TASK GOAL: The required copy runs from the first line of the material through the line containing "菊花会の皆様が、このように、菊の苗を鉢に植えてくださいました。", exactly as written and without pictures.

DATASET EXCERPT:
====================

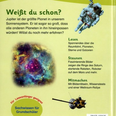 Die altersgerecht aufbereiteten Informationen sind für Leseanfänger einfach verständlich, so dass auch schwierige Zusammenhänge deutlich werden. Viele bunte Fotografien und Illustrationen veranschaulichen das Thema und helfen, das Gelesene zu begreifen. Wissenstests, Bilderrätsel und eine Weltraum-Rallye regen zum Mitmachen an und vertiefen spielerisch das Gelernte. Ein Glossar am Ende des Buches erklärt schwierige Wörter und »Weißt du das?«-Kästen heben besonders interessante Fakten hervor. Durch die optimale Ausgewogenheit von Bild und Text ist »memo Kids – Weltraum« ideal zum Vor- oder Selberlesen geeignet.
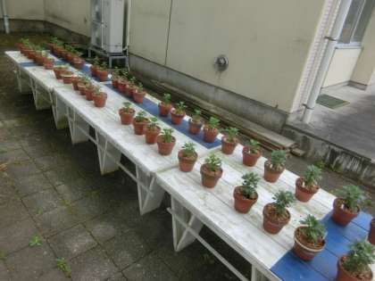 菊花会の皆様が、このように、菊の苗を鉢に植えてくださいました。
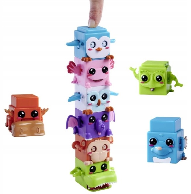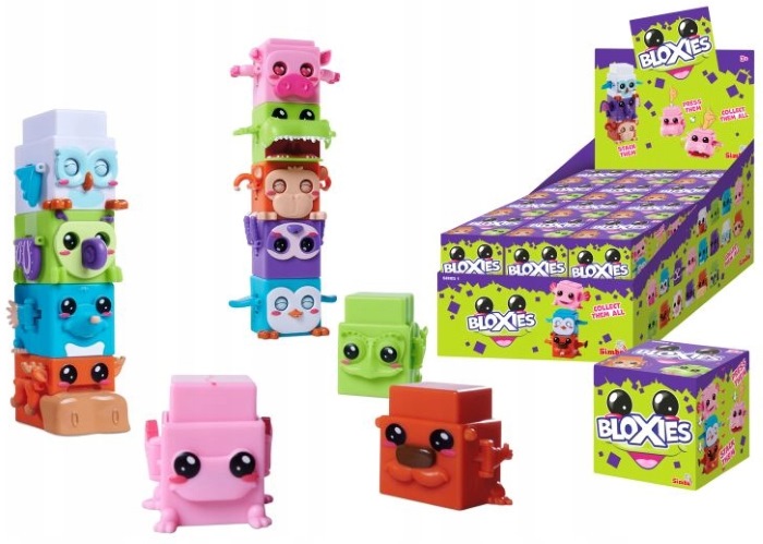 Ez egy Simba Bloxies 1. széria meglepetés figura egy gyűjthető mini játékmacska/kocka-állatka egy véletlenszerűen választott darabban, amely a kollekció 18 különböző állatfigurájának egyike lehet. A figurák kocka formájúak, egymásra rakhatók, és mókás mozgást végeznek, ha a tetejüket megnyomják (például mozgatják a végtagjaikat, pislognak vagy kidugják a nyelvüket), így szórakoztató, interaktív játékélményt nyújtanak. A csomag 1 db véletlenszerű Bloxies figurát tartalmaz, mérete kb. 4,5 cm, és 3 éves kortól ajánlott.

====================

REPLY:
 Die altersgerecht aufbereiteten Informationen sind für Leseanfänger einfach verständlich, so dass auch schwierige Zusammenhänge deutlich werden. Viele bunte Fotografien und Illustrationen veranschaulichen das Thema und helfen, das Gelesene zu begreifen. Wissenstests, Bilderrätsel und eine Weltraum-Rallye regen zum Mitmachen an und vertiefen spielerisch das Gelernte. Ein Glossar am Ende des Buches erklärt schwierige Wörter und »Weißt du das?«-Kästen heben besonders interessante Fakten hervor. Durch die optimale Ausgewogenheit von Bild und Text ist »memo Kids – Weltraum« ideal zum Vor- oder Selberlesen geeignet.
 菊花会の皆様が、このように、菊の苗を鉢に植えてくださいました。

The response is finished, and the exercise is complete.